In a recent meta-analysis, Appel and Weber (2017) investigated how stereotypes in mass media (e.g., newspapers, cartoons, advertisements) can affect stereotyped and non-stereotyped groups. In this analysis, negative effects of d = −0.38 for members of the stereotyped group and positive effects of d = 0.17 for members of the non-targeted group were reported.

Additionally, there are a few studies specifically investigating effects of stereotypes in videos and television advertising (Davies et al., 2002; Murphy et al., 2007; Bond, 2016). Bond (2016) presented short clips of different television shows (about 2 min long) to elementary school girls in a gender stereotype condition, a counter-stereotype condition, and a neutral control condition. No effects of the stereotypes were found on math and science competence beliefs or interest in STEM-related careers. However, girls in the stereotype condition reported more interest in stereotypical careers than those in the other two conditions.

In an adult sample, Murphy et al. (2007) found negative effects of reminding women of their underrepresentation in math-intensive STEM fields via video on their sense of belonging as well as intention to participate in a STEM-related conference. In this study, women in the stereotyped condition watched a video in which the male-female ratio reflected the proportion of women in these fields, whereas women in the control condition watched a video with a gender-balanced proportion.

Davies et al. (2002) showed that women experience stereotype threat when they are reminded of existing stereotypes about women in television advertising. In this study, participants watched commercials in which women were very excited about buying cosmetic products or trying a new baking recipe. After watching these commercials, women performed worse on a math test compared with men who watched the same commercials and compared with women who watched gender-neutral commercials. The results furthermore showed that women preferred verbal tasks and avoided math-related tasks after watching such commercials compared with the control group and men in the experimental group. Women also showed less interest in educational and vocational areas that are typically male-stereotyped but higher interest in typically female-stereotyped domains.

The reported studies indicate that stereotypes in videos can have negative effects on females. However, these findings provide only initial insights into the effects of television. Furthermore, these studies investigated stereotypes that were presented in isolated situations. Thus, they were not able to provide insights into how stereotypes might affect children when experienced in their daily lives in more complex situations, for instance, as one part of a whole television program.

The Present Study

In the present study, we investigated effects of gender stereotypes in a STEM television program on girls' and boys' stereotype endorsement, their math performance, their motivational dispositions (i.e., expectancy and value beliefs), and their attitudes (i.e., sense of belonging and feeling) toward math. Despite the importance of television programs in children's everyday lives and the relevance of such programs for children's informal science learning, there is a lack of research on how girls' and boys' reception of STEM television programs might be affected in different ways by presentations of traditional gender stereotypes in such programs. Research on expectancy-value theory and stereotype threat has provided initial insights into how stereotypes might affect children. However, research on expectancy-value theory has mainly focused on the role of stereotypes that are conveyed by parents, teachers, or peers (see Wigfield et al., 2015), and research on stereotype threat has traditionally investigated effects of stereotypes presented as isolated stimuli in laboratory settings on adults (see Spencer et al., 2016). Furthermore, there are indications of publication bias in the stereotype threat literature (Flore and Wicherts, 2015). Accordingly, it is unclear whether and how stereotypes embedded in children's daily activities such as in a television program might affect girls and boys.

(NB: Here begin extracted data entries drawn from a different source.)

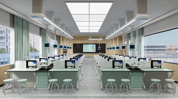 教育裝備數字化一站式解決方案,智能理化生實驗室、中考實驗操作考評系統、實驗仿真與教學系統、數字書法教學云系統、中學AI教考實驗室(升降式/便攜式智能終端)、頂裝/吊裝實驗室、探究實驗室、科學實驗室、人工智能科創實驗室、智慧書法教室、數字音樂教室、美術教室、數字地理教室、數字歷史教室、心理咨詢室、閱覽室、舞蹈室、陶藝室、烹飪教室、通用技術實驗室、勞動教育功能教室、科普探究等
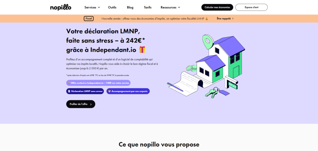 Nopillo est un acteur qui sort un peu du lot parmi notre sélection, puisque c’est un outil qui vous permet de réaliser vos déclarations LMNP seul et en toute simplicité, et de bénéficier jusqu’à 2 000€ de réduction d’impôts grâce au régime réel.
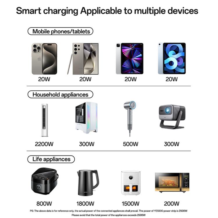 Yesido MC37 40W 6 In 1 Dual Type-C and Dual USB-A with 2 Socket Desktop GaN Power Socket Power Strip
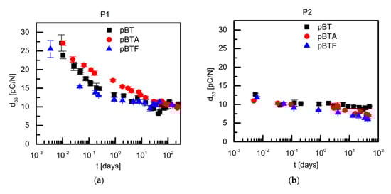 Piezoelectric coefficient d33 as a function of time of P(VDF–TrFE)/barium titanate composites with 60 vol.% of ceramics, poled with procedure P1 (a) and with procedure P2 (b).

Therefore, we conducted a randomized study in which fifth-grade students watched a children's television program about math that either contained or did not contain a clip in which traditional gender stereotypes were made salient. We chose this age group because of specific developmental processes in children's expectancy and value beliefs during that age. During their elementary school years, children become increasingly better at understanding, interpreting, and integrating the feedback of others (for a review, see Wigfield et al., 2015). Therefore, they become more realistic in evaluating their own strengths and weaknesses during that period and link their expectancy and value beliefs more closely to environmental experiences than younger elementary school children (for a review, see Wigfield et al., 2015). Additionally, children become increasingly aware of social gender roles and how behavior might reflect such roles (for a review, see Leaper, 2015). In order to link the study as closely as possible to what children are likely to watch in their everyday lives, we used a television program that was broadcast on a national TV channel in Germany as the experimental material. The chosen program was designed to show children that math could be interesting and fun and included a section with stereotypes in which two girls were frustrated that they had to do math and then decided to copy their homework from a male classmate.

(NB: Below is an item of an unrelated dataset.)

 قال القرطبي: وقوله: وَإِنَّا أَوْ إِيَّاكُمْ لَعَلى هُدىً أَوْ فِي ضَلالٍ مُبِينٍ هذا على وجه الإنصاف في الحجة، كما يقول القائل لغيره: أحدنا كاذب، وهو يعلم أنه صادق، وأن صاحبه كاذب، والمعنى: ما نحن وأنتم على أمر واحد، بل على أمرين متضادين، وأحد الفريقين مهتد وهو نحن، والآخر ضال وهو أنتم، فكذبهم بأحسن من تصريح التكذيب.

According to expectancy-value theory, experiencing gender stereotypes leads girls to disidentify with math and devalue the subject, whereas boys may particularly identify with and value math. As a result of such processes, boys develop higher competence beliefs and values in male-typed domains such as math and math-intensive STEM domains than girls (e.g., Wigfield et al., 2015). In order to obtain a comprehensive picture of how stereotypes can affect such socialization processes, we examined effects of the experimental manipulation on different outcomes. First, we explored how the stereotypes affect children's stereotype endorsement. Second, we examined effects on sense of belonging in math and feeling toward the domain as indicators of children's identification with the subject. Third, we investigated effects on self-concept (as an indicator of expectancy beliefs), the four task values as well as performance in math. We pre-registered our predictions on the effects for these outcomes before conducting the experiment in order to increase research transparency (https://osf.io/8f7y6/?view_only=d85b73e70f5040b5a54fcf03091811f1). As such, we followed the recommendations of Wagenmakers et al. (2012) and van't Veer and Giner-Sorolla (2016) by pre-registering hypotheses and exploratory research questions as well as information on the experimental design, the sample, the variables, and the analysis strategy.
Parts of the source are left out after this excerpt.